We Need Long-lasting Solutions For South Africa’s Informal Settlement Residents

By Lauren Royston and Maanda Makwarela

It has taken a very long time for land reform to be taken seriously on South Africa’s urban policy agenda. We should understand why. In this article we offer a response to this question and, drawing on two just-released publications, provide a set of recommendations for how an urban land reform programme should look. In a time of crisis, when the ramifications of this neglect are suddenly being realised by the powers that be, it is more important than ever to advocate long lasting and robust solutions.

The primary reason for the silence on urban land reform goes to the heart of why the poorest and most vulnerable members of our society are most affected in times of crisis – power, poverty and inequality.
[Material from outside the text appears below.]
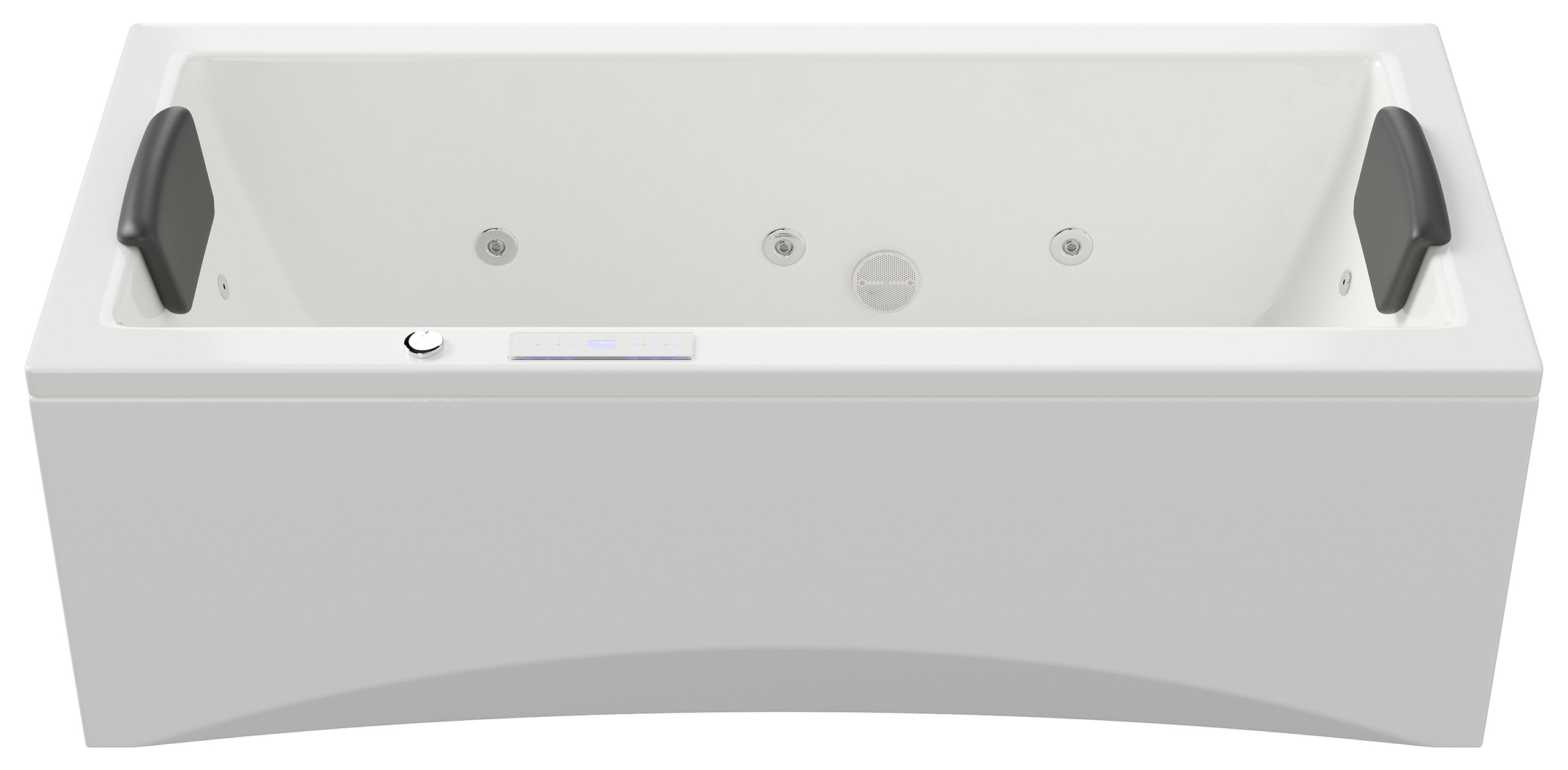 Vorteile: Dezente Strahler seitlich. Automatischer Farbwechsel mit gleichmäßiger Wasserbeleuchtung. Intensive Farben leuchten unter Wasser. Entspanntes Baden mit Chromotherapie.Massagefunktion: Düsen-Ausstattung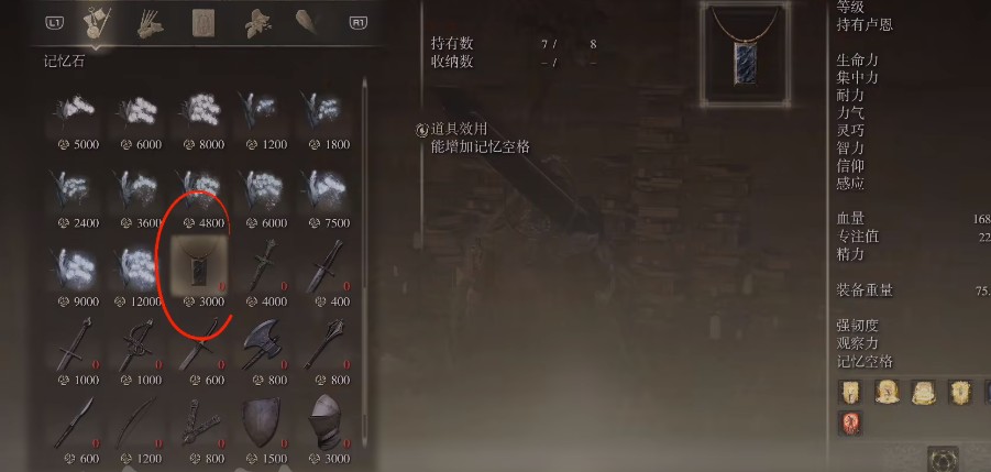 在任意赐福点坐下,就有着记忆系统选项,点击记忆后根据已有的记忆石数量,就可以在记忆空格中安装魔法或者祷告。法环内任意出生在一开始都是有着两个记忆空格,提升记忆空格的主要方式,就是依靠收集或购买得到的记忆石,永久增加记忆空格。除此之外游戏中名为“诺克史黛拉之月”的护符,也可以在穿戴后增加两个空格。对于法爷或者信仰流派的玩家来说,更多的记忆空格也是有着更方便的体验。

Relations to land are fundamentally social in nature. Only if you are affluent are these relations distant and impersonal – the Deeds Registry which records your rights, a title deed or contract which proves your claim to reside where you live, professionals such as conveyancers and estate agents whom you do not need to know but whom you must have the ability to pay, a purchaser who is a stranger to you whose credibility is verified by a bank, and so on.  Water and sanitation are provided to your address. Refuse is collected. Your environmental safety and comfort are regulated by land use rules. Your property exists in the land information system of your municipality. Emergency vehicles can locate you in times of crime, fire, illness or death.

Approximately 60% of people living in South Africa do not have the benefits that access to the formal property system is meant to confer. For the majority of people therefore, your rights and claims are not recorded, the evidence you possess (an affidavit, proof of residence from a councillor or your bank if you are in the banking system) may be deemed valid locally but it is not formally recognised as a record of your rights and claims, transfers are witnessed locally by your neighbours and your access is vetted by community leadership with whom you may or may not have standing and who are more or less accountable and democratic in nature. These local arrangements exist alongside the formal system of property. They are widespread. Our policies do not even possess the language to describe these “off-register” arrangements which people have made in the absence of private sector delivery and inadequate state provision.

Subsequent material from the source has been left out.